-- Opening Marker --

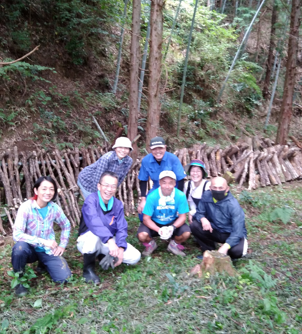 メンバーの一人が昨年からしいたけ研修で原木作りに挑戦しており、出来上がった原木を竹林で育てることになりました。
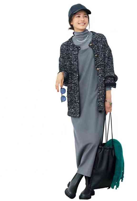 黑灰的花呢外套,中性>端莊。于是,內(nèi)搭直筒吊帶裙,配一雙切爾西短靴,利用大氣灰的美名,為造型增添光彩。
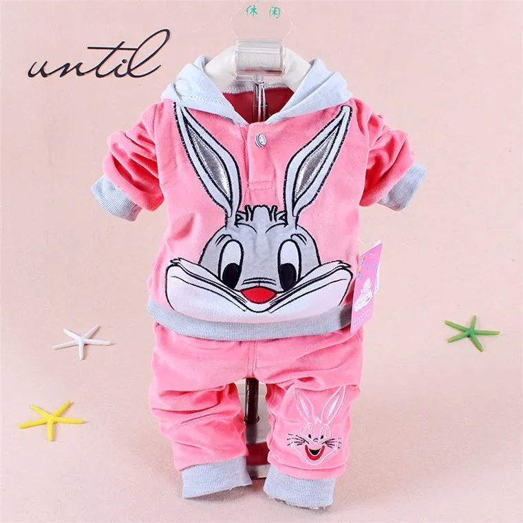 Newborn Baby Girls Clothes Set 2017 New Spring Baby Boys Clothing Suit Rabbit Velvet Long Sleeve Hoodie+Pant Outfit Kids Clothes
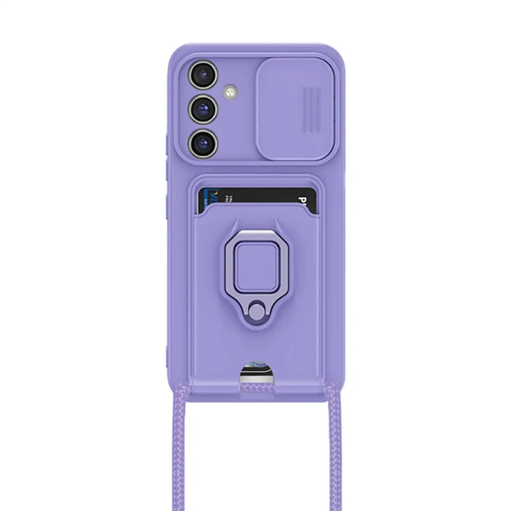 Samsung Galaxy A15 4g Kılıf Zuma Kartvizitli Yüzüklü Silikon - Lila
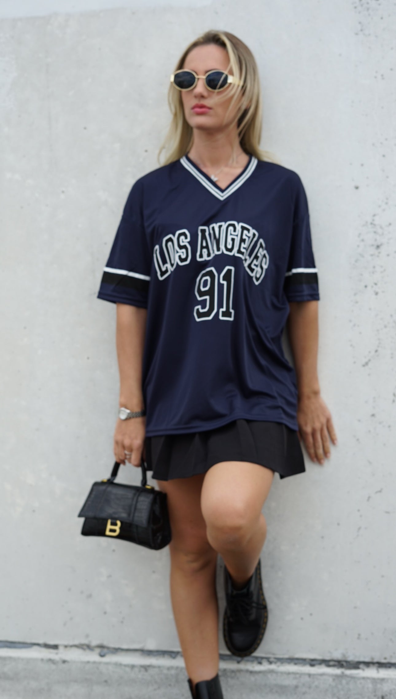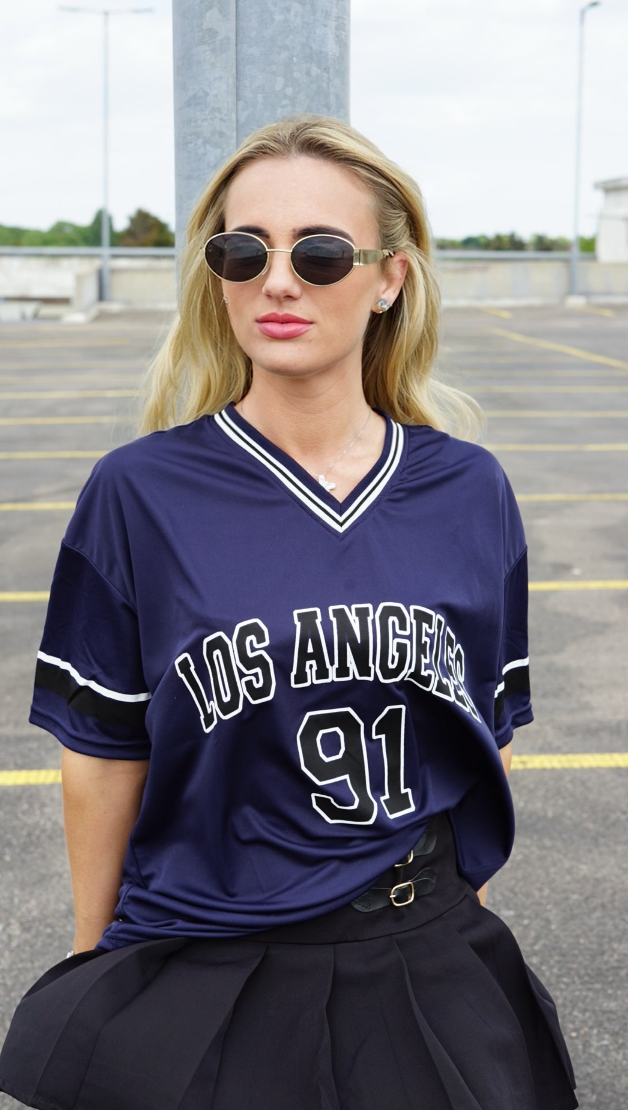 NAVY CONTRAST SHORT SLEEVE LA VARSITY T-SHIRT

-- Closing Marker --

» **Aim of the task**
Write the records out again exactly as shown above, keeping no pictures.

» **Answer area**
 メンバーの一人が昨年からしいたけ研修で原木作りに挑戦しており、出来上がった原木を竹林で育てることになりました。
 黑灰的花呢外套,中性>端莊。于是,內(nèi)搭直筒吊帶裙,配一雙切爾西短靴,利用大氣灰的美名,為造型增添光彩。
 Newborn Baby Girls Clothes Set 2017 New Spring Baby Boys Clothing Suit Rabbit Velvet Long Sleeve Hoodie+Pant Outfit Kids Clothes
 Samsung Galaxy A15 4g Kılıf Zuma Kartvizitli Yüzüklü Silikon - Lila
 NAVY CONTRAST SHORT SLEEVE LA VARSITY T-SHIRT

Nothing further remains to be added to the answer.